Saved money are also injected back into the economy. They aren’t stored under the mattress. They are in banks, where they are lent out, spent and invested, creating jobs, buying goods and services.
You're only 1/3 right. Saved money isn't lent, nor spent (lending is just creating money). It's invested, 95% in the secondary market (probably more in the US). If the secondary market isn't correlated to actual production (and nowadays, it actually isn't, even in mining, prospecting and future are the main beneficiaries, which to me is crazy. One of the only exceptions is the energy sector), that money won't create real jobs.
Re-invest in crypto or other, already-existing stocks.
The secondary market is so huge nowadays, and uncorrelated from dividends, mainly because growth (followed by regular buybacks), not dividends, is now the main way to pay investors, but not only. In fact, what Jacques Richard call "futuristic accounting" (his research is available in english [0]) is basically helping big companies to decorrelate real profits from dividends.
> Re-invest in crypto or other, already-existing stocks.
Again, for a stock to be on the market, somebody has to do the economic activity to create & bring it there. Buying from that "someone" pumps the money back in the economy. Buying from another, previous, stocks owner just moves the situation to him.
Kind of like when you pay your retailer for the product on the shelf: there are certain delays but eventually the money has to reach the product builder, with each participant in the production & logistics chain keeping his share on the way.
This is simple, trivial logic and no amount of biased, ideological "research" can change it.

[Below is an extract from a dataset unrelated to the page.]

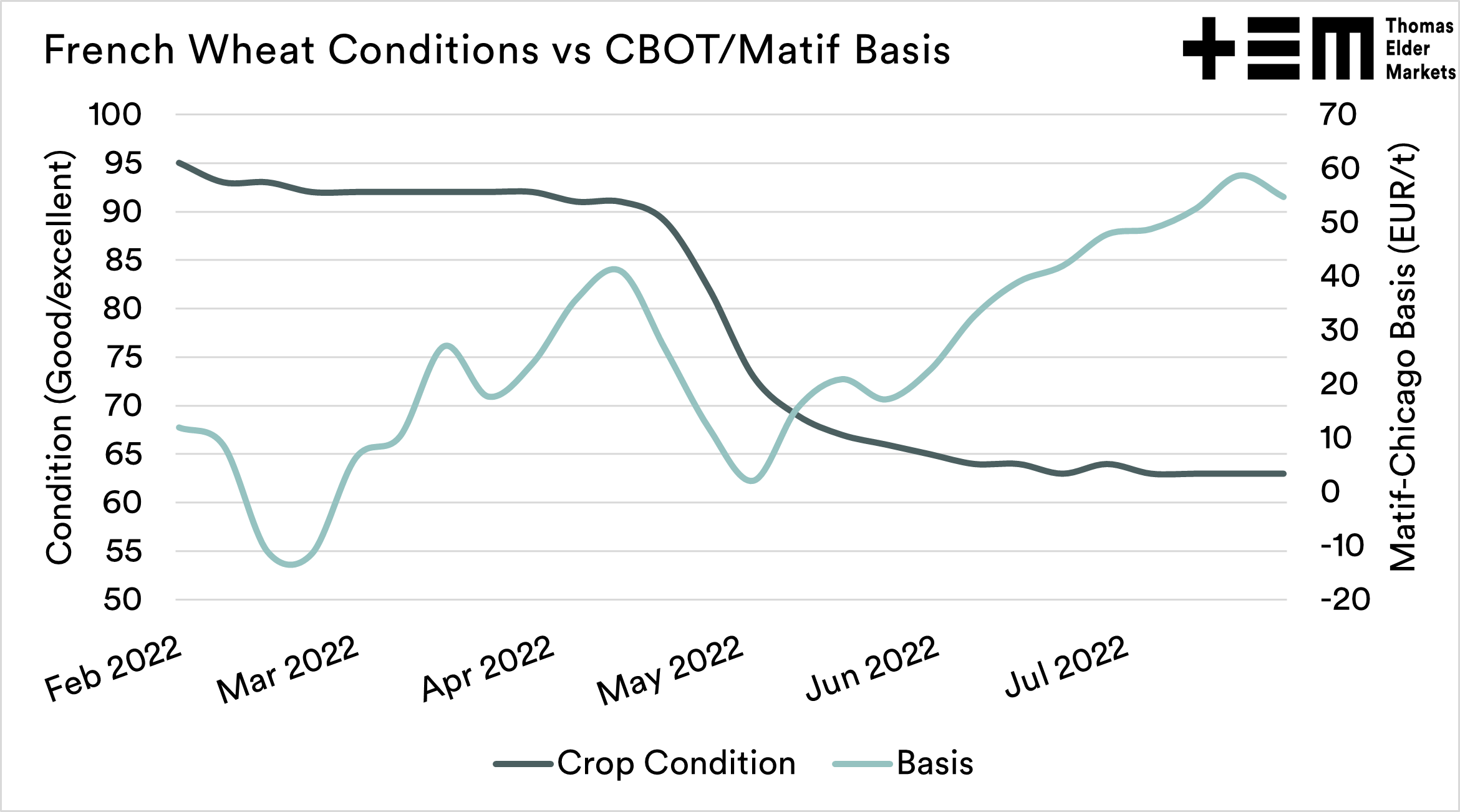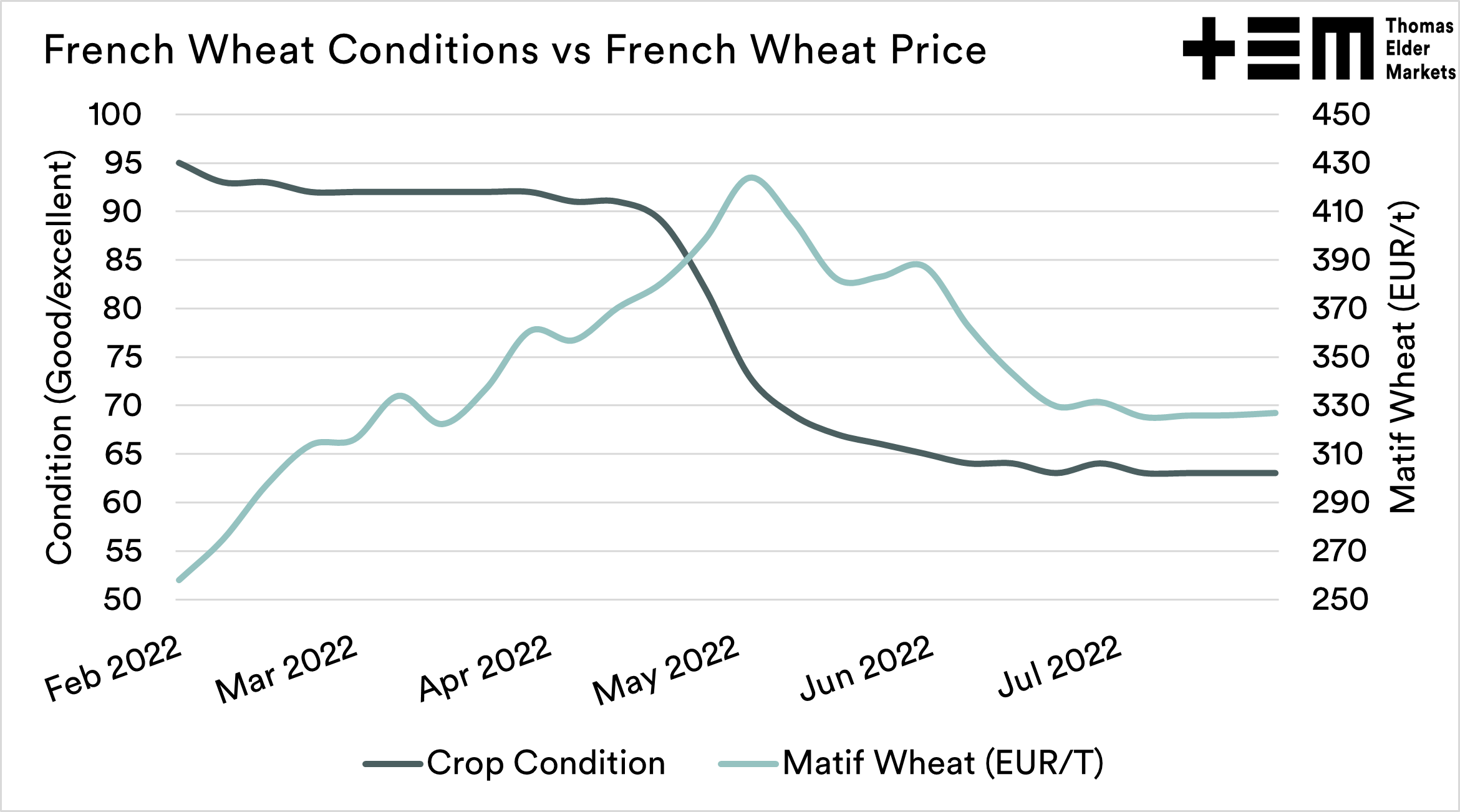 - Wheat prices in France have fallen as conditions deteriorate.

But still less than if the federal employee was providing any ROI whatsoever on their salary. Why not instead talk about which federal departments (or agencies) provide an ROI, and how that can be measured in a nonpartisan way.
(In any case, US federal debt interest payments will be ~$952b in 2025, out of $7.5 trillion budget. That's >> more than the $271b on total salaries for all civilian employees (or the $4.7 trillion tax cuts which expire end 2025). So, intentionally crippling the federal govt still wouldn't touch either the debt or interest payments; except as a blunt instrument to kill govt programs and bypass Congress.)
For highly compensated employees who save the majority of their money, no.